# 📺 Netflix Content Analysis

This notebook provides a complete exploratory data analysis (EDA) of Netflix titles dataset using Python (Pandas, Seaborn, Matplotlib). It covers data cleaning, outlier detection, and visual analysis of movies and shows.

## 📁 Load Dataset

In [None]:
import pandas as pd
import matplotlib.pyplot as plt
import seaborn as sns

# Load CSV file (replace path if needed)
df = pd.read_csv('netflix_titles.csv')
df.head()

## 🧾 Dataset Overview
Quick look at column names, data types, and missing values.

In [None]:
df.info()
df.isnull().sum()

## 🧹 Data Cleaning
Handle missing values and fix inconsistent formatting.

In [None]:
# Fill nulls in specific columns
df['description'] = df['description'].fillna('No Description')
df['age_certification'] = df['age_certification'].fillna('Unrated')
df['imdb_id'] = df['imdb_id'].fillna('N/A')
df['production_countries'] = df['production_countries'].replace('[]', 'Unknown')

# Drop rows with missing title
df = df.dropna(subset=['title'])

In [None]:
# Fill missing values with averages for numeric columns
for col in ['imdb_score', 'imdb_votes', 'tmdb_score', 'tmdb_popularity']:
    if df[col].isnull().sum() > 0:
        df[col] = df[col].fillna(df[col].mean())

## 🔍 Duplicate Check

In [None]:
df[df.duplicated(subset=['title', 'release_year', 'type'])]

## ✅ Movie vs Show Distribution

In [None]:
type_counts = df['type'].value_counts()
plt.figure(figsize=(6, 6))
type_counts.plot.pie(autopct='%1.1f%%', startangle=90, colors=['#66c2a5', '#fc8d62'])
plt.title('Content Type Distribution')
plt.ylabel('')
plt.show()

## 📅 Content by Release Year

In [None]:
year_counts = df['release_year'].value_counts().sort_index()
plt.figure(figsize=(12, 5))
sns.lineplot(x=year_counts.index, y=year_counts.values)
plt.title('Titles Released per Year')
plt.xlabel('Year')
plt.ylabel('Count')
plt.grid(True)
plt.show()

## 🌍 Top Production Countries

In [None]:
top_countries = df['production_countries'].value_counts().head(10)
plt.figure(figsize=(10, 5))
sns.barplot(x=top_countries.values, y=top_countries.index, palette='viridis')
plt.title('Top 10 Producing Countries')
plt.xlabel('Number of Titles')
plt.show()

## 🎭 Genre Distribution

In [None]:
from collections import Counter

genre_series = df['genres'].dropna().apply(lambda x: eval(x) if isinstance(x, str) and x.startswith('[') else [x])
genres_flat = [genre.strip() for sublist in genre_series for genre in sublist if genre]
genre_counts = pd.Series(Counter(genres_flat)).sort_values(ascending=False).head(10)
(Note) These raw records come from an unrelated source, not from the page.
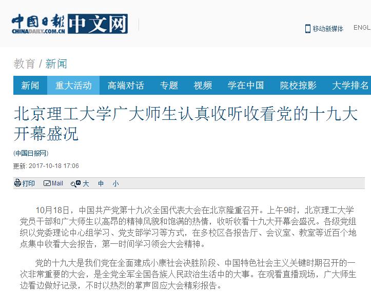 【中国日报】德赢AC米兰官网广大师生认真收听收看党的十九大开幕盛况
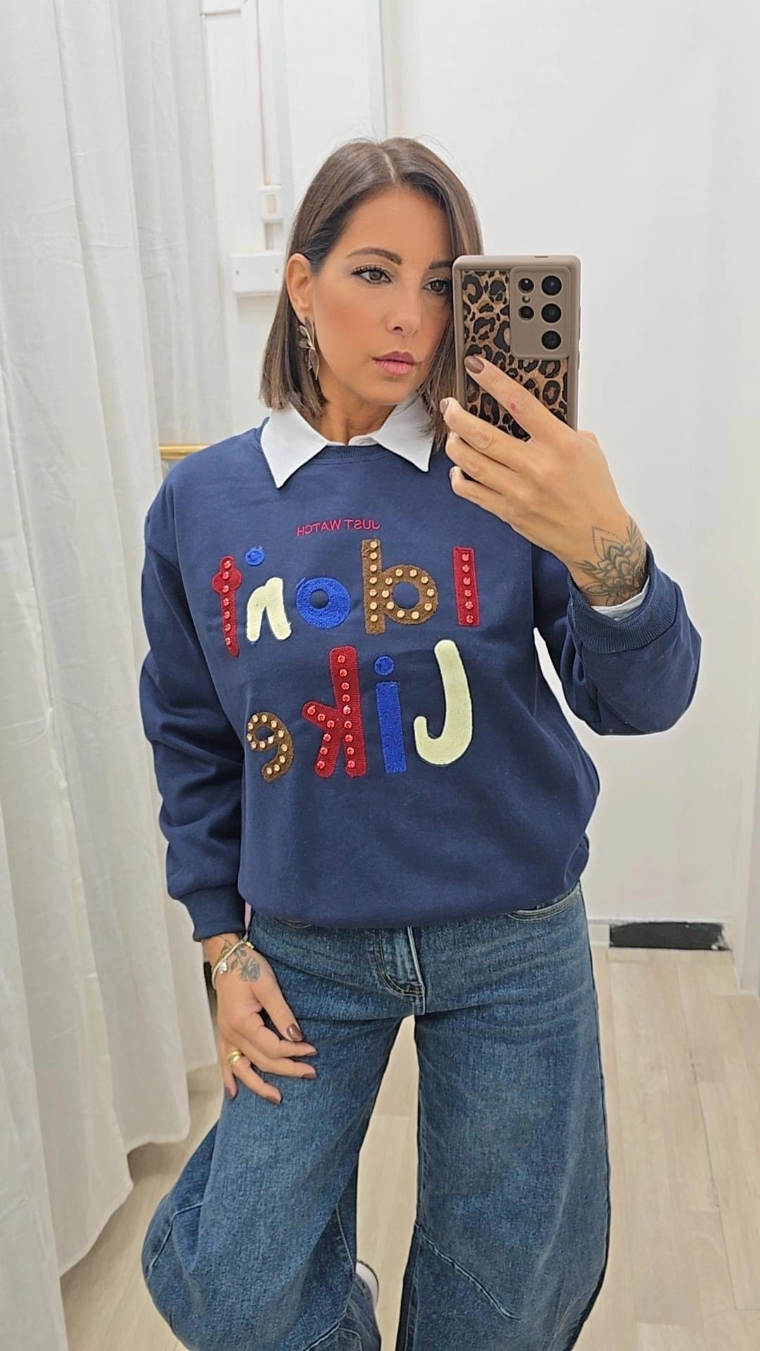 Felpa con scritta ricamata sul davanti  Felpato all'interno  Vestibilità regolare  In foto indossata la taglia S/M
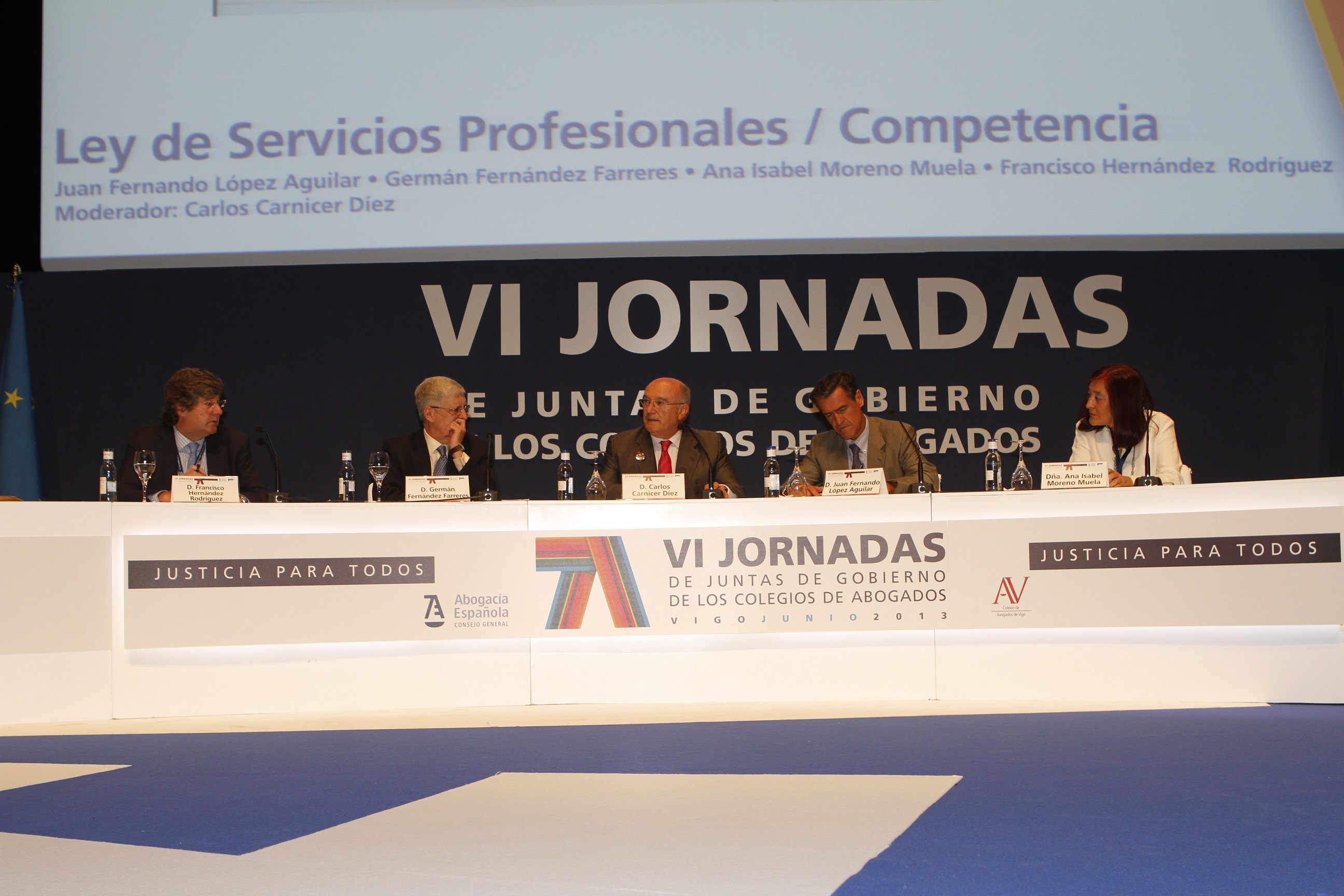 La futura Ley de Servicios Profesionales, de la que hasta ahora solo se tienen borradores sin un origen conocido, fue la protagonista de la segunda ponencia de las VI Jornadas de Juntas de Gobierno de los Colegios de Abogados que se están celebrando en Vigo. Cuatro ponentes, moderados por el presidente del Consejo General de la Abogacía, Carlos Carnicer, fueron los encargados de desgranar esta normativa y sus implicaciones en la primera ponencia del viernes.

plt.figure(figsize=(10, 5))
sns.barplot(x=genre_counts.values, y=genre_counts.index, palette='rocket')
plt.title('Top 10 Genres')
plt.xlabel('Number of Titles')
plt.show()

## ⚠️ Runtime Outlier Detection

In [None]:
plt.figure(figsize=(8, 4))
sns.boxplot(data=df, x='type', y='runtime')
plt.title('Runtime Outliers by Type')
plt.show()

## ⏱️ Longest Titles by Runtime

In [None]:
df['hours'] = df['runtime'] // 60
df['minutes'] = df['runtime'] % 60
df['formatted_duration'] = df['hours'].astype(str) + ':' + df['minutes'].astype(str).str.zfill(2)

# Top longest titles
longest = df[['title', 'type', 'runtime', 'formatted_duration']].sort_values(by='runtime', ascending=False).head(10)
longest

## ✅ Conclusion
- Majority of content is movies.
- The most popular genres include documentaries and dramas.
- Runtime outliers were identified especially in some shows.
- The dataset required cleaning in multiple fields.

📌 You can expand this analysis with:
- Sentiment analysis of descriptions
- Rating comparison by genre
- Adding a Tableau dashboard.